Let us consider the separation of a complex mixture consisting of proteins and drugs using a medium with small and large pores differing in their hydrophobicity. After injection into the mobile-phase stream that does not elute any of the compounds, all of the components of the sample are quickly adsorbed at the top of the column. However, the adsorption is size selective, the sample is separated during adsorption into two portions according to both the hydrodynamic size of its components and their affinity toward the pore surface. Thus, proteins remain in the large pores, which contain just enough hydrophobic phenyl ether groups in a hydrophilic environment to provide for subsequent elution in hydrophobic-interaction mode. In contrast, the small drug molecules penetrate the small pores, where they interact strongly with the highly hydrophobic surface. This process-the separation of two classes of components in different pores where they are held by different interactions-is actually the first dimension of the separation. The proteins are then eluted by a decreasing ammonium sulfate gradient in the hydrophobic-interaction mode, whereas the segregated small molecules are retained within the hydrophobic small pores. These are not eluted until a mobile phase containing acetonitrile is applied, and isocratic reversed-phase mode elution is used. The consecutive elution of the two parts of the original sample represent the second dimension of the separation.

Conclusion

The increasing complexity of samples requires development of novel means for their complete separation. Classical two-dimensional chromatography is a powerful tool that helps to solve many of the current tasks. However, the instrumentation that is essential for the multiple-column approach is rather complicated. The use of the novel single-column 2-D separation media significantly decreases the instrumental requirements and in some applications can provide better separations than the significantly more complicated multicolumn systems.

Further Reading

1.  Majors, R. E. "Multidimensional High Performance Liquid Chromatography", Journal of Chromatographic Science, 1980, 18, 571.
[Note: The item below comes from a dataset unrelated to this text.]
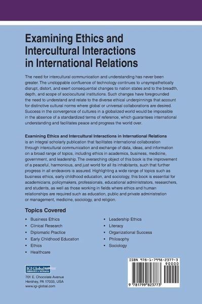 The need for intercultural communication and understanding has never been greater. The unstoppable confluence of technology continues to unsympathetically disrupt, distort, and exert consequential changes to nation states and to the breadth, depth, and scope of sociocultural institutions. Such changes have foregrounded the need to understand and relate to the diverse ethical underpinnings that account for distinctive cultural norms where global or universal collaborations are desired. Success in the convergence of cultures in a globalized world would be impossible in the absence of a standardized terms of reference, which guarantees international understanding and facilitates peace and progress the world over. Examining Ethics and Intercultural Interactions in International Relations is an integral scholarly publication that facilitates international collaboration through intercultural communication and exchange of data, ideas, and information on a broad range of topics, including ethics in academics, business, medicine, government, and leadership. The overarching object of this book is the improvement of a peaceful, harmonious, and just world for all its inhabitants, such that further progress in all endeavors is assured. Highlighting a wide range of topics such as business ethics, early childhood education, and sociology, this book is essential for academicians, policymakers, professionals, educational administrators, researchers, and students, as well as those working in fields where ethics and human relationships are required such as education, public and private administration or management, medicine, sociology, and religion.
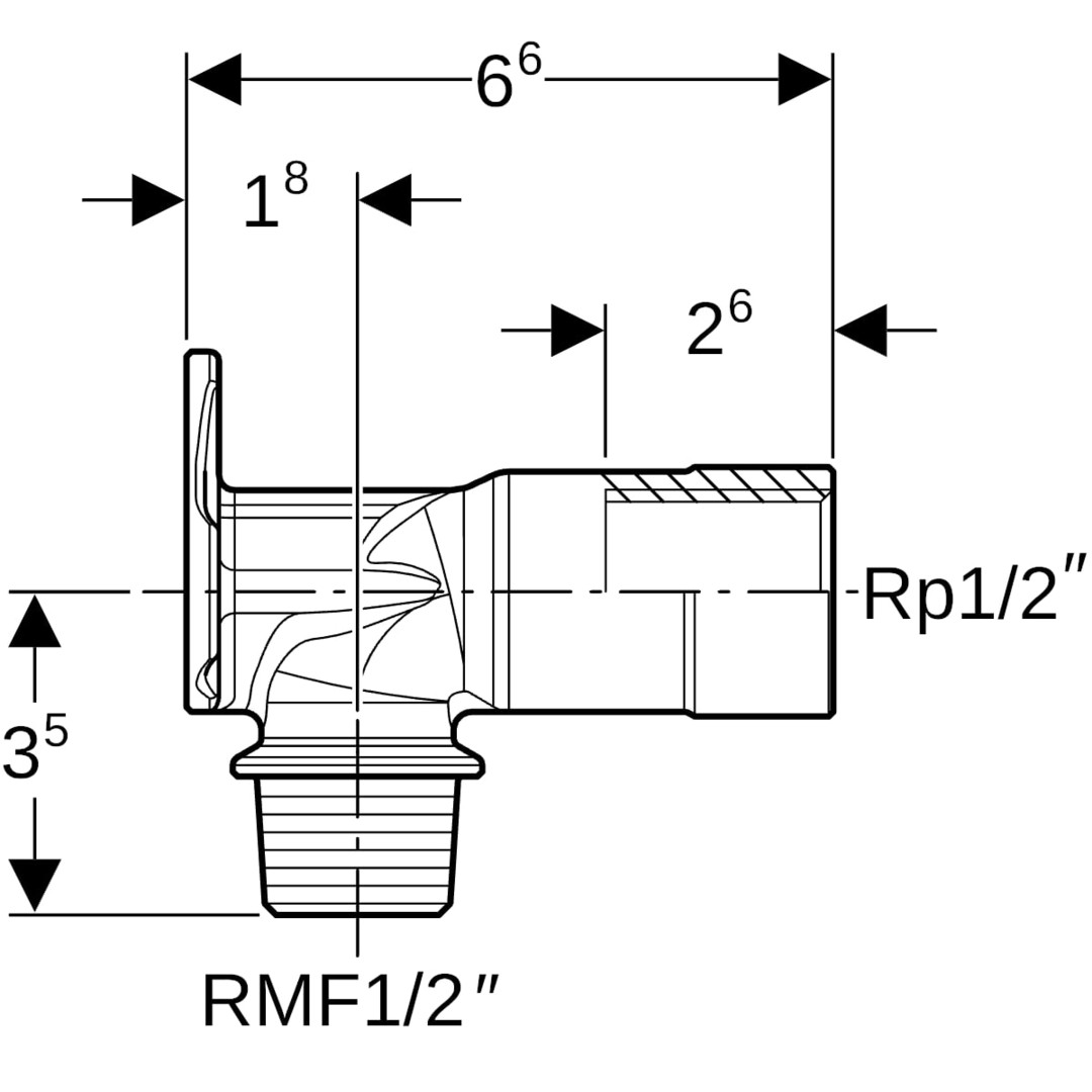 Geberit Anschlusswinkel Rp 1/2 x R MF 1/2 x 6,6 cm, 90Grad, Rotguss

2.  Giddings, J. C. "Two-Dimensional Separations: Concept and Promise" Analytical Chemistry 1984, 56, 1258A.

3.  Multidimensional Chromatography. Techniques and Applications; Cortes, H. J., Ed.; Marcel Dekker: New York, 1990.

4.  Pinkerton, T. C. "High-Performance Liquid Chromatography Packing Materials for the Analysis of Small Molecules in Biological Matrices by Direct Injection" Journal of Chromatography 1991, 544, 13.

5.  Svec, F.; Fréchet, J. M. J. "Pore-Size Specific Modification as an Approach to Separation Media for Single Column, Two-Dimensional HPLC" American Laboratory 1996, (12), 25.